There were no differences between asthmatic and nonasthmatic ASM cells in the proportional effects of the MAPK inhibitors on CXCL10 release, but the effects of the inhibitors varied (Fig. 4). The JNK inhibitor SP600125 always reduced cytokine-induced release, whereas the ERK inhibitor PD98059 always had no effect. However, the p38 inhibitor effects were dependent on the cytokine stimulus because SB203580 only reduced IL-1β- or TNF-α-induced release significantly compared with its negative control SB202474 (Fig. 4). All three inhibitors markedly reduced cytomix-induced phosphorylation of their target MAPK, and there was no effect of SP600125 on phosphorylation of either ERK or p38 (data not shown).
Fig. 4.
The effects of the MAPK inhibitors on CXCL10 release by asthmatic and nonasthmatic ASM cells. Confluent, serum-deprived ASM cells were treated with the ERK, p38, and JNK inhibitors PD98059 (30 μM), SB203580 (10 μM) (its negative congenor SB202474 10 μM), and SP600125 (10 μM), respectively, or vehicle, for 45 min before and during stimulation with IL-1β, TNF-α, IFN-γ, or cytomix for 24 h, and CXCL10 release was quantified using ELISA. Bars, mean ± SE; vehicle, 0.1% vol/vol DMSO.

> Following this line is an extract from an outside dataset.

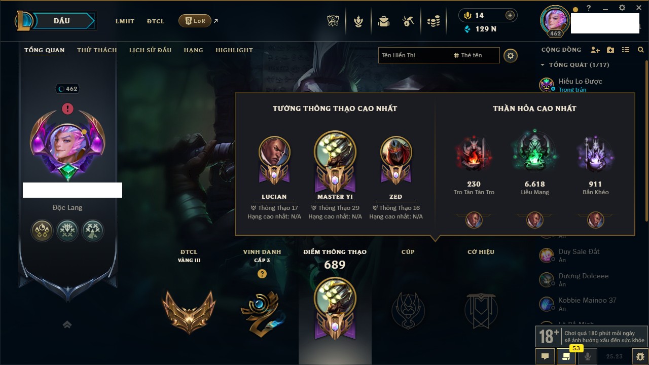 Rank Đơn: Lục Bảo IVKhung: Bạch kimTướng: 171 - Còn 128452 THXTrang Phục: 193Rank ĐTCL: Bạc IIILinh Thú: 100

JNK activation and inhibition.
There was a significant difference between asthmatic and nonasthmatic cells in JNK phosphorylation (Fig. 5A). Both JNK isoforms P-54 and P-46 were rapidly phosphorylated, reaching a peak over 10–30 min following cytomix stimulation (Fig. 5, A–C). However, P46 and P54 phosphorylation were lower in asthmatic compared with nonasthmatic cells (Fig. 5A). The JNK inhibitor SP600125 reduced the early P-54 phosphorylation more than P-46 phosphorylation in the asthmatic cell lysates (Fig. 5B). In nonasthmatic cells SP600125 reduced P-54 and P-46 phosphorylation in a similar way (Fig. 5C).
Fig. 5.
JNK activation and the effects of its inhibitor SP600125 in ASM cells. Confluent serum-deprived asthmatic and nonasthmatic ASM cells were stimulated with cytomix for up to 1 h. Levels of phosphorylated P-46 and P-54 JNK in the cell lysates were detected using immunoblotting and quantified using densitometry. Differences in phosphorylated P-46 and P-54 levels (expressed as fold change over 0 h) between A (n = 6) and (n = 7) cells (A). Representative immunoblots and densitometry of changes with time in cytomix-induced P-46 and P-54 JNK phosphorylation (expressed as percentage of maximum phosphorylation) and the effects of SP600125 on it for A (n = 4, B) and NA (n = 6, C) ASM cells. The cells were treated with SP600125 or vehicle for 45 min before and during the cytomix stimulation. White lines indicate where immunoblot images have been spliced. Bars, mean ± SE; vehicle 0.1% vol/vol DMSO.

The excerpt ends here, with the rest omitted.